------ Exercise materials

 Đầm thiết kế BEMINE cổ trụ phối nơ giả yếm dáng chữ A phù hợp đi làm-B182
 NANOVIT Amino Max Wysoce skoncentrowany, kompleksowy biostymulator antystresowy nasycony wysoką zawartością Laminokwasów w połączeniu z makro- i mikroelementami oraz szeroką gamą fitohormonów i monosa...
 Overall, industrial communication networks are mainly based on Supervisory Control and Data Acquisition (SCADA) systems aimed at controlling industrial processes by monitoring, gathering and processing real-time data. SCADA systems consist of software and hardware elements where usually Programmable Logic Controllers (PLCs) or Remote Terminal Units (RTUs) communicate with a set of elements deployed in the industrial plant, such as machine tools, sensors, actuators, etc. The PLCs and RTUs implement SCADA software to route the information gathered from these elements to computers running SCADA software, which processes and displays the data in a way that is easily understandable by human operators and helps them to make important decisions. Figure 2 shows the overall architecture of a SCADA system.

------------
------ Exercise materials

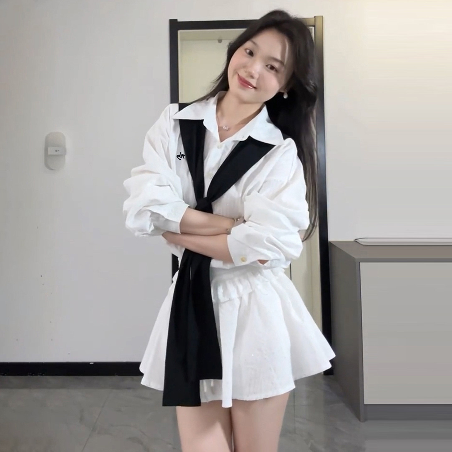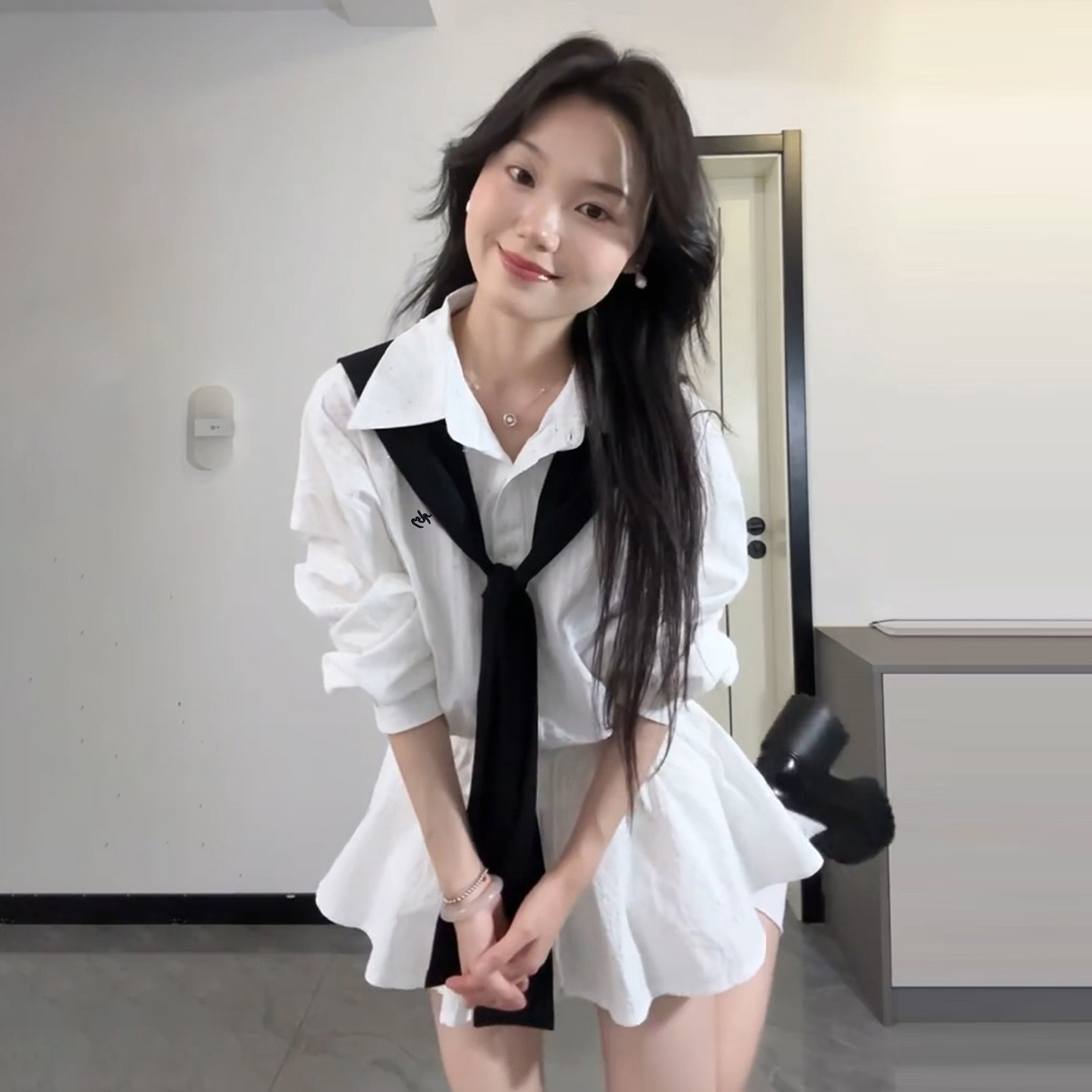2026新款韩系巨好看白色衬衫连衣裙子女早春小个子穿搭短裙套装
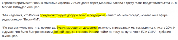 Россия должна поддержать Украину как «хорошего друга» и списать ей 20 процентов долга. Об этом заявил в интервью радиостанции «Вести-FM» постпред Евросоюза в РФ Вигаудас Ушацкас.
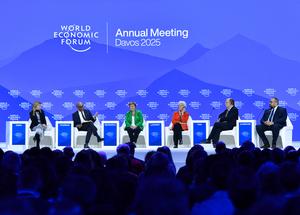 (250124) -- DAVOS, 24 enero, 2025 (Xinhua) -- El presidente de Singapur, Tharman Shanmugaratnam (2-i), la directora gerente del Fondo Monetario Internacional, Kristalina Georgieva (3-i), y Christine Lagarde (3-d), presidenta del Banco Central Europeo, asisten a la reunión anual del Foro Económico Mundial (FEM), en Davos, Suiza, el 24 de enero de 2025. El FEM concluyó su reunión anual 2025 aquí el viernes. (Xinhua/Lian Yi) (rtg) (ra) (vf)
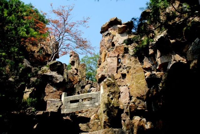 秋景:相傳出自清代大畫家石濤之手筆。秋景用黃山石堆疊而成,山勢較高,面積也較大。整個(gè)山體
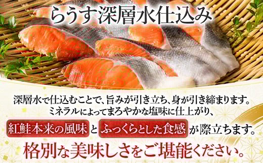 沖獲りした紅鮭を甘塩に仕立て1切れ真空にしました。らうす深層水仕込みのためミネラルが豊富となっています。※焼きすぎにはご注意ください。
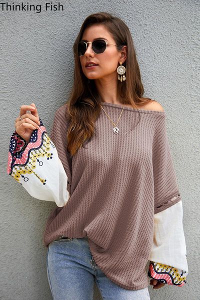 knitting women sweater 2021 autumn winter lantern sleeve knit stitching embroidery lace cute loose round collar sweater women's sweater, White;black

------------

Task requirements: An exact copy of the lines above, from the one containing "NANOVIT Amino Max" through the one containing "Overall, industrial communication", is the whole of the answer.

The answer:
 NANOVIT Amino Max Wysoce skoncentrowany, kompleksowy biostymulator antystresowy nasycony wysoką zawartością Laminokwasów w połączeniu z makro- i mikroelementami oraz szeroką gamą fitohormonów i monosa...
 Overall, industrial communication networks are mainly based on Supervisory Control and Data Acquisition (SCADA) systems aimed at controlling industrial processes by monitoring, gathering and processing real-time data. SCADA systems consist of software and hardware elements where usually Programmable Logic Controllers (PLCs) or Remote Terminal Units (RTUs) communicate with a set of elements deployed in the industrial plant, such as machine tools, sensors, actuators, etc. The PLCs and RTUs implement SCADA software to route the information gathered from these elements to computers running SCADA software, which processes and displays the data in a way that is easily understandable by human operators and helps them to make important decisions. Figure 2 shows the overall architecture of a SCADA system.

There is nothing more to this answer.